Lawrence Washington returned to Virginia as a 25-year-old war hero. Lawrence served in Virginia’s assembly and militia, and named his farm Mount Vernon in honor of Admiral Edward Vernon. After Lawrence died, George, at age 20, inherited Mount Vernon.
In 1742, the War of Austrian Succession began when Marie Theresa became the first woman to take Austria’s throne. This pulled Prussia and France into the war, which combined with the War of Jenkin’s Ear to become King George’s War in America.
The threat of war shook colonists out of complacency and contributed to the spread of the Great Awakening Revival.
The British took the French city of Louisbourg, Nova Scotia, in 1745, which was the third-busiest seaport in America, behind Boston and Philadelphia, and was New France’s second most important commercial city after Quebec.
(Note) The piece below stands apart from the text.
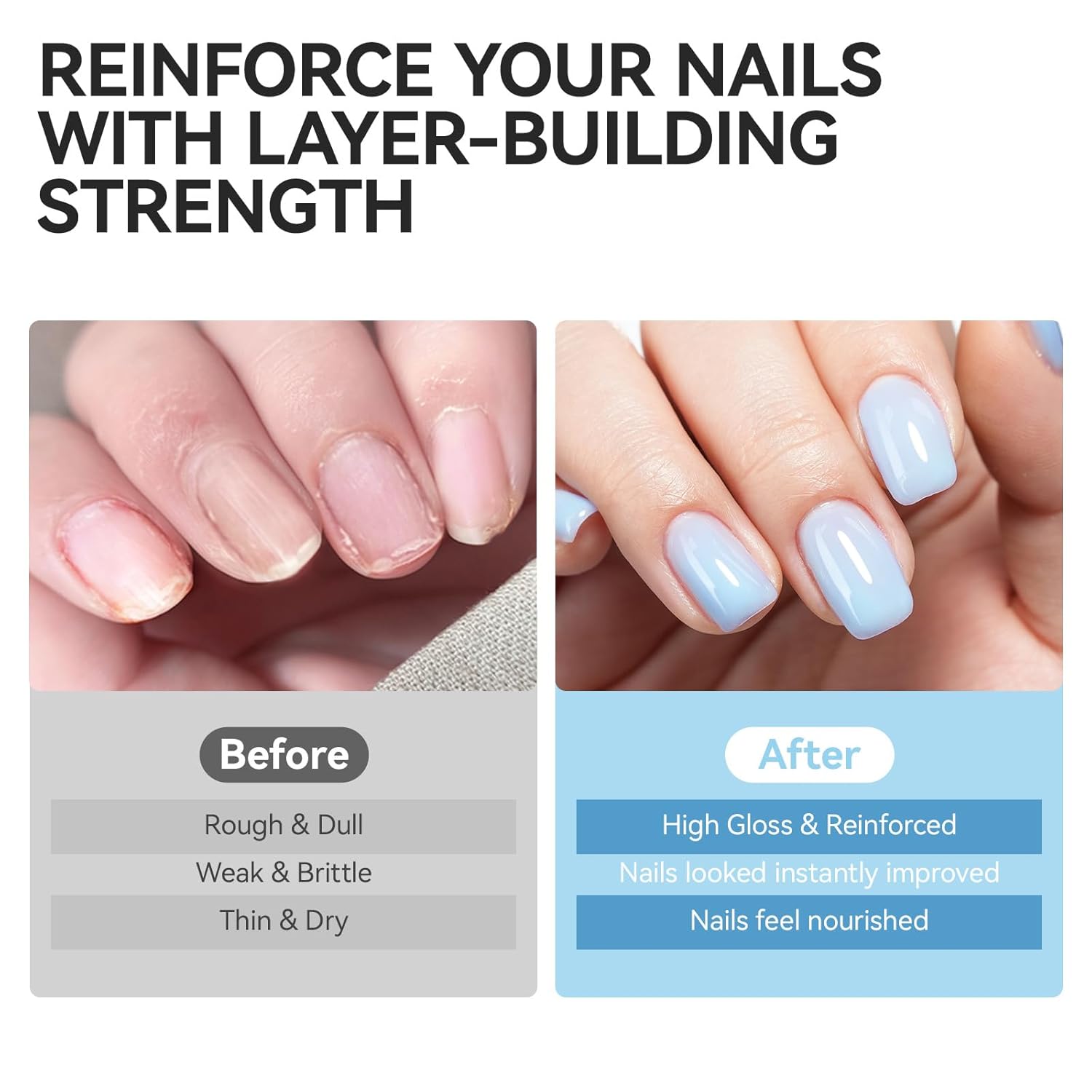 - Transform Thin Nails into Strong and Growing Ones: Say goodbye to brittle nails with our strengthener that gradually builds resilience. It's a game-changer for beginners, saves time for nail art enthusiasts, and allows professionals to offer top-notch, convenient services to their clients

France wanted Louisbourg back. In 1746, French Admiral d’Anville set sail with the most powerful fleet of its day: 73 ships with 800 cannons and 13,000 troops. Admiral d’Anville intended to: “expel the British from Nova Scotia, consign Boston to flames, ravage New England, and waste the British West Indies.”
Massachusetts Governor William Shirley declared a day of prayer and fasting, Oct. 16, 1746, to pray for deliverance. Boston citizens gathered in the Old South Meeting House, where Rev. Thomas Prince prayed: “Send Thy tempest, Lord, upon the water … scatter the ships of our tormentors!”
Historian Catherine Drinker Bowen related that as he finished praying, the sky darkened, winds shrieked and church bells rang “a wild, uneven sound … though no man was in the steeple.”
A hurricane scattered the entire French fleet as far as the Caribbean. Lightning struck several ships, igniting gunpowder magazines, causing explosions and fire. With 2,000 dead, including Admiral d’Anville, and 4,000 sick with typhoid, French Vice-Admiral d’Estournelle threw himself on his sword.
Henry Wadsworth Longfellow wrote in his poem, “The Ballad of the French Fleet”:
Admiral d’Anville had sworn by cross and crown,
To ravage with fire and steel our helpless Boston Town. …
There were rumors in the street, in the houses there was fear
Of the coming of the fleet, and the danger hovering near.
And while from mouth to mouth, spread the tidings of dismay,
I stood in the Old South, saying humbly: ‘Let us pray!’
‘Oh Lord! we would not advise; but if in thy Providence
A tempest should arise, to drive the French Fleet hence,
And scatter it far and wide, or sink it in the sea,
We should be satisfied, and Thine the glory be. …’
Like a potter’s vessel broke, the great ships of the line. …
Were carried away as smoke…or sank in the brine.
This great deliverance encouraged Ben Franklin to organized Pennsylvania’s first “volunteer” militia with 10,000 signing up. This began Ben Franklin’s career of public service, as he became the most popular person in the colony.
Ben Franklin also propose a general fast which was approved by Pennsylvania’s Council and published in the Pennsylvania Gazette, Dec. 12, 1747: “The calamities of a bloody war … seem every year more nearly to approach us … and there is just reason to fear that unless we humble ourselves before the Lord and amend our ways, we may be chastized with yet heavier judgments. We have … thought fit … to appoint … a Day of Fasting & Prayer, exhorting all, both Ministers & People … to join with one accord in the most humble & fervent supplications that Almighty God would mercifully interpose and still the rage of war among the nations & put a stop to the effusion of Christian blood.”
The threat of war was averted, and Philadelphia was spared.